Le joli bateau jaune citron de notre AMAP s'appelle Gulf stream. Il est plus petit que celui que nous avons visité et accueille un équipage de 3-4 personnes pour des sorties sur la journée.
Les sorties sont programmées en dehors des périodes de grandes marées car celles-ci malmènent les filets et rendent la pêche difficile.
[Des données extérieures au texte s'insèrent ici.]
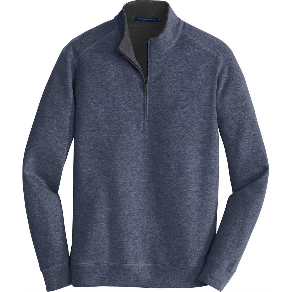 Port Authority Men's Estate Blue Heather/Charcoal Heather Interlock 1/4-Zip
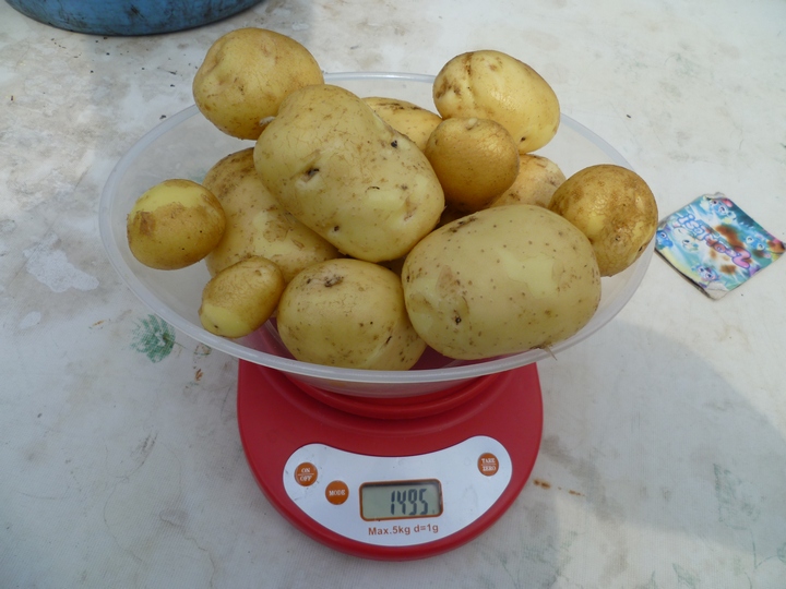 На Колобке много мелких картофелин, размером с вишню. Тем не менее клубни уже достаточно крупные. Самый крупный потянул на 248 г., а общий урожай с куста составил 1,2 кг. Гала показала урожай 1,44 кг, самый крупный клубень 150 г. Не поленился нашел результаты прошлогоднего подкопа примерно в это же время - http://forum.prihoz.ru/viewtopic.php?p=659294#p659294. В этом году клубни крупнее и урожайность выше. Картофелю еще расти порядка месяца, копать планирую в районе 1 сентября.

Le déroulement d'une session de pêche est le suivant : le soir le bateau jette ses filets au-dessus d'une zone propice pour une bonne récolte. Pourquoi le soir ? Car c'est la nuit que les poissons se déplacent. Ensuite le bateau met l'ancre. La corde de l'ancre fait 400 mètres et doit pouvoir retenir un bateau de 200 tonnes. Au matin, les filets sont levés, les poissons détachés puis éviscérés et lavés avant d'être placés dans la soute. Ils sont alors recouverts de glace fabriquée par une machine à glace. L'opération prend une partie de la journée.
Puis le bateau reprend sa route vers une nouvelle zone de pêche repérée grâce au sondeur de fond marin. Un bateau peut pêcher jusqu'à 15 tonnes de poissons en caisse au cours d'une sortie de 10 jours.
Le bateau de pêche représente un investissement lourd. Il faut compter le prix du bateau mais aussi celui de l'équipement électronique (80 000€), du moteur, de système hydraulique pour le levage des filets et de l'ancre, de la machine à glace et d'autres équipements encore.

=> la petite dégustation

Petite dégustation


La visite s'est achevée dans l'atelier du bateau, rempli d'une trentaine de personnes. On était un peu serré comme des sardines, mais on a vraiment pu discuter de façon privilégiée avec l'équipe de l'AMAP poisson et en profiter pour poser toutes nos questions.
La dégustation, très réussie, contenait évidemment des notes marines avec notamment du thon et du merlu fumés délicieux.

Merci à l'équipe de l'AMAP poisson pour cet accueil très sympathique et instructif et à bientôt.